As illustrated by the design drawing in FIG. 1, this invention utilizes an arch-shaped plate B with designed curvature as basic structural member in each cell of the composite, which, in conjunction with the top reinforce plate A, bottom reinforce plate A′, and implanted material C, form a basic cell of the invented lightweight, multi-layer, arch-structured armor (LMAR). In such a cell, the top reinforce plate A faces any upcoming energy flux that can be a shock wave front created by nearby blast, a high-speed projectile, energy flux associated with laser beam, or an impact caused a collision. By selecting appropriate top plate's material and its thickness, it enables to reduce the speed of an upcoming projectile down to the range that the underneath plate B is able to maximize the advantages provided by the arch geometry. These advantages include these as following: (i) the capacity to smear out the localized deformation of plate A into larger area; (ii) the arch works as wave-guide to disperse a pressure wave induced by impacts; (iii) the cavities, i.e. the spaces confined by arch-frames, have the functions similar to the cavities in porous material or cellular materials, which is able to accomodate localized large nonlinear deformation while preserving a global structural integrity; (iv) by selecting implant material C according to requirements from each specified applications, the chambers can be filled either by hard material core to reinforce arch frame or by ductile “buffer” material to glue brittle arch and reinforce plates together to prevent fragmentations. (v) the arch frame can be used as carries to hold the material that is solid powder or in liquid state but with other desired non-structural functions; (vi) the arch, top and bottom plates can also be multi-layer simply-overlaid composite plates to maximize the capacity in protection.

For conventions, in this article's text description, claims, and figures the direction perpendicular to plate A is denoted as axis Z. The other two orthogonal directions, which span the plane parallel to the plate A, are denoted as axes X and Y, respectively. Because a LMAR allows multiple arch-layers overlaying, the axis X is chosen to coincide the direction of one arch in a layer, termed “arch-woven direction” for the layer hereafter; so the axis Y is perpendicular to that arch, toward to the direction termed “arch-strip direction” for the layer hereafter. X, Y, and Z form a Cartesian coordinate system originated at the top surface of the plate A. The arch plate B is attached to the plate A at another side, see FIG. 1(a). In this Cartesian coordinate system, Φ denotes the angle between Z axis and the trace of an incoming projectile before it touches the plate A's surface or the progressing direction of an approaching blast wave front. Obviously, Φ is less than 90 degrees.

EXAMPLES

Plotted on the right and upper left of FIG. 2 are five embodiments of the designs of LMARs' cells. A LMAR composite sheet may contain one or multiple overlaid layers; each layer can be formed by one, two, or an array of many periodically laid cells plotted in this figure. The corresponding possible applications are illustrated on the middle and lower right.
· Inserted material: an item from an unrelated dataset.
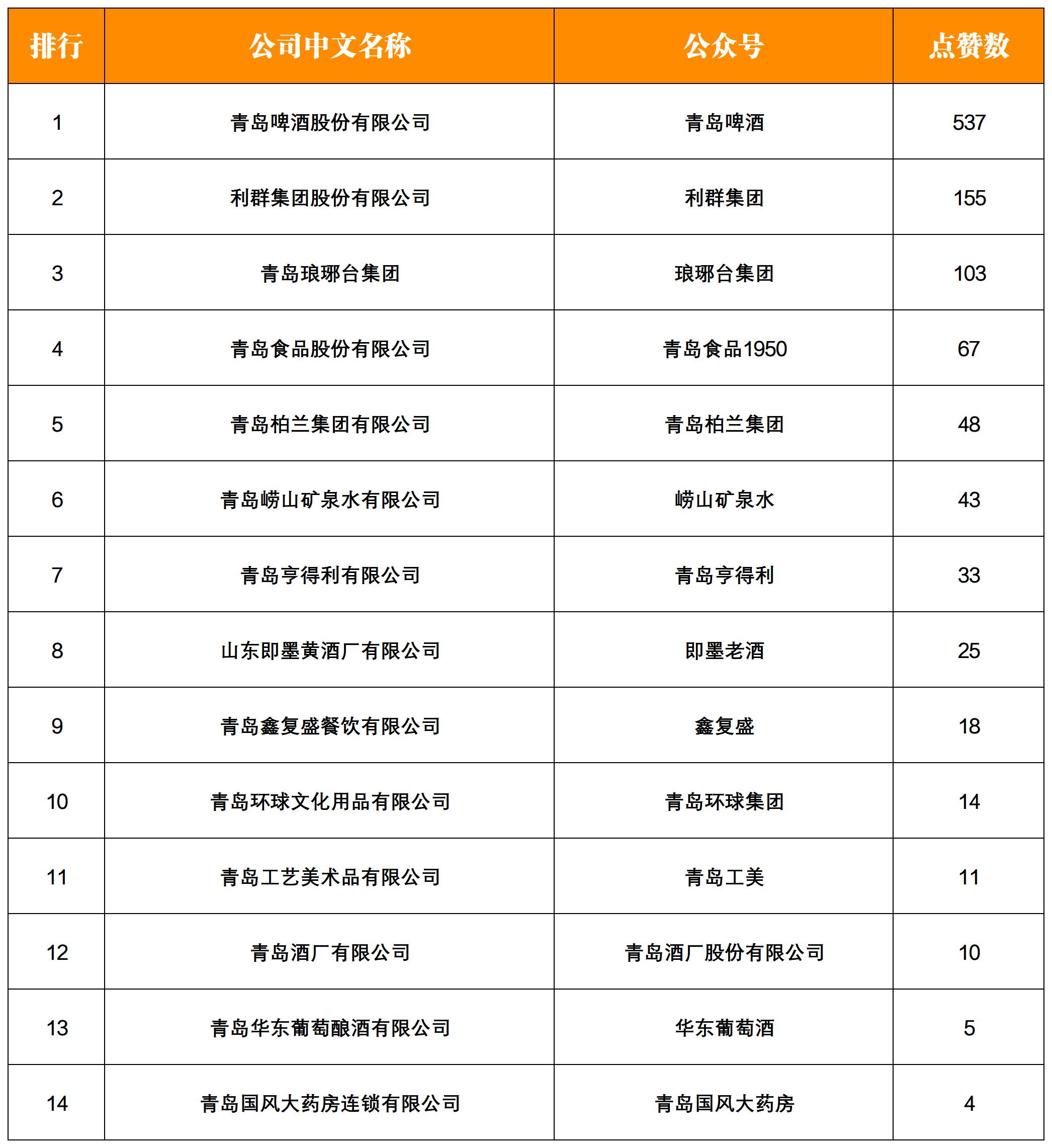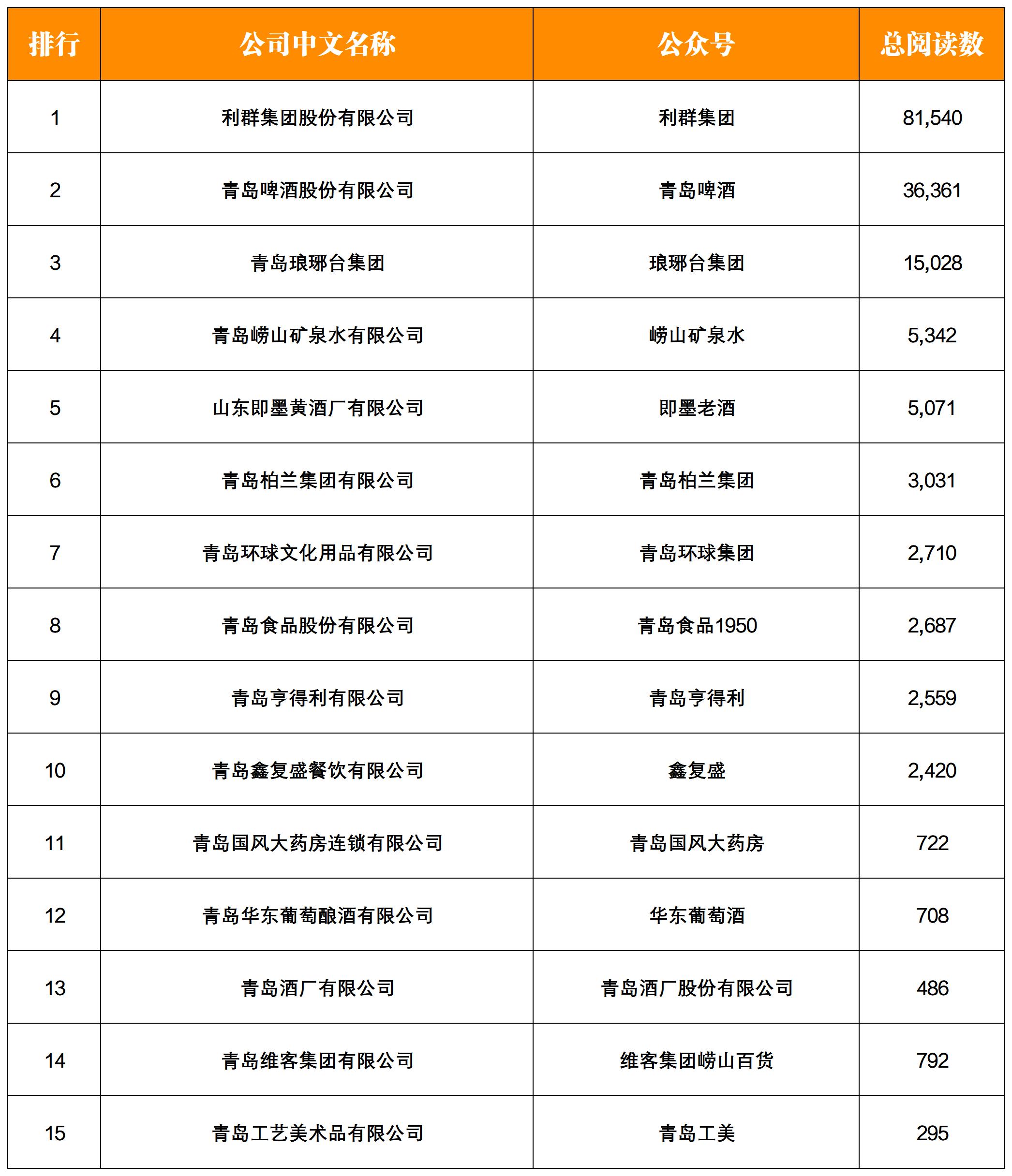 NO.1|权威发布:青岛老字号企业微信影响力月度排行榜TOP15

On the upper-left corner of FIG. 2 is the type-I LMAR, the basic prototype of this invention. As compared to a monolayer plate with the same areal density, this single arch-layered LMAR has stronger section moment inertia along the arch-strip direction but moderate section inertia along the arch-woven direction. The latter can be reinforced by, for example, additional global structural component such as beam frame that LMAR sheets are attached or fixed upon.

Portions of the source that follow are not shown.